Nguyen Thi Minh Nhan Heather / Tanjong Pagar, Singapore
I started this meditation due to stress and depression. Then, I did not expect much from it, all I wanted were to feel more comfortable and confident in my life. However, what I have received so far is way beyond expectations. Reflecting back, I felt extremely lucky to having met and been transformed by the method.
My parents divorced when I was young. Growing up seeing them in dispute with each other all the times, I wondered how two people loved each other at the beginning ended up being enemies and whether or not the true love mentioned in Bible and Buddhist Sutra exists in this world. All I saw was the fleeting moment of happiness that faded away as time passes by.
Also, there are certain behaviors of my parents that I promised not to repeat. For example, I swore not to be as impatient and ambitious as my father, only to find myself struggling to achieve the best at whatever I do. How ironical it is. The more I tried to change the more desperate I felt. I tried to be nice by joining volunteer work. Despite enjoying them very much, deeply inside there stayed the fear of being abandoned and not being good enough. There was no peace of mind.
While doing this meditation, I could see with my mind how hypocritical and self-centred I was. I have said “I love you” to my family members, relatives, and friends, but in reality, it was me whom I love the most in my mind. It was me who thinks I am the best. I have lived as a liar tried to build up my own world of possession in the name of caring for others. Little wonder, there were always insecurities, conflicts, and fear in my life. Because of the self that I have carried in my mind, I could not live as nature. That is why I have suffered a lot. I am buried in the tomb of greed, inferiority, and countless attachments. However, I have walked down the street with my head held up high thinking I am very expensive and always anticipate what to do in order to gain more and more.
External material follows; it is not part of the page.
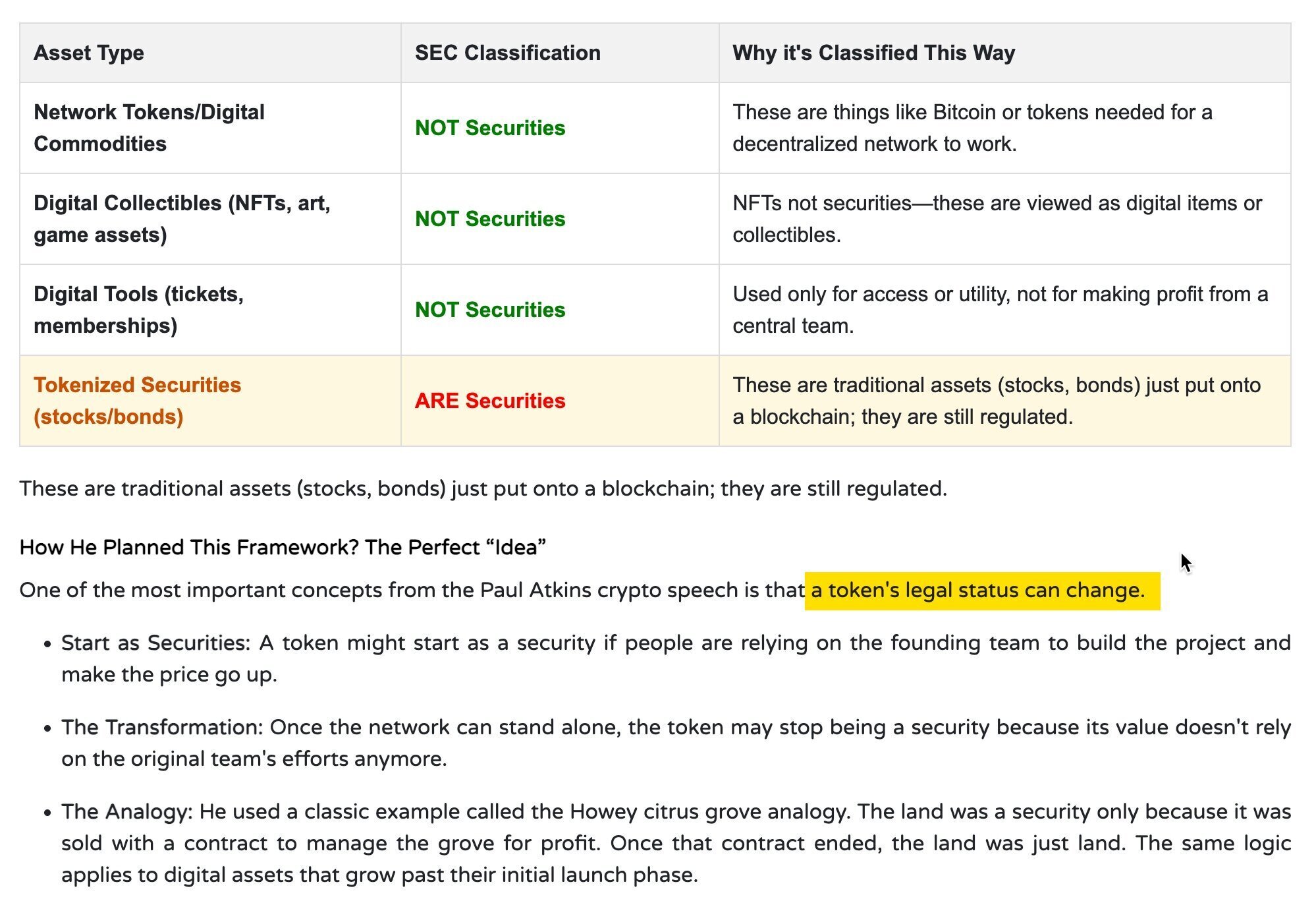On July 31, Chairman Atkins stated that most cryptocurrencies are “not securities” and instructed the SEC to “swiftly develop” the new regulation, but it has not been released yet.“
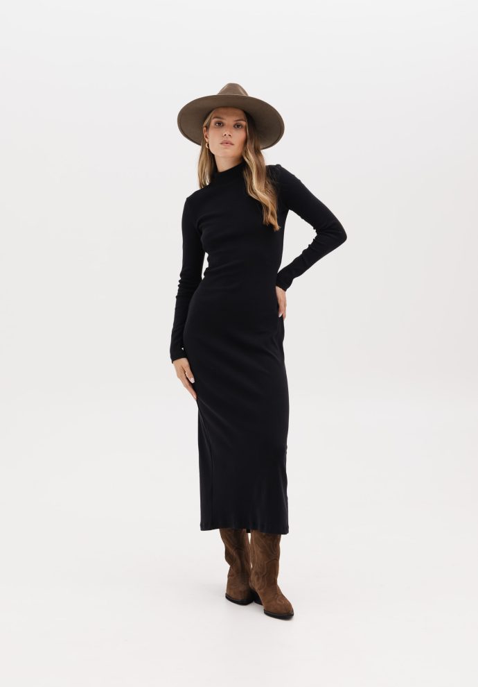 Its fitted tube-shaped cut beautifully emphasizes the silhouette, and the half-turtleneck adds elegance and makes it perfect for colder days. A delicate slit at the back provides freedom of movement, and the long sleeve adds harmony to the whole. However, it is the cutout at the bottom of the back that makes the Amy dress unique – it is a subtle detail that attracts the eye and gives it a unique character.

Here at the main center in Korea people coming with many different stories and burdens on their shoulders but after doing this meditation we all agree that those stories are false and there is only one mind of the origin exists in the world.
I guess the best decision I made was to open my mind to try this meditation although I used to have a lot of doubts and questions at the beginning. As time passed by and I could confirmed with my mind that it really works, my faith in the method became much firmer. I sincerely hope that you can start this meditation and continue it until the end.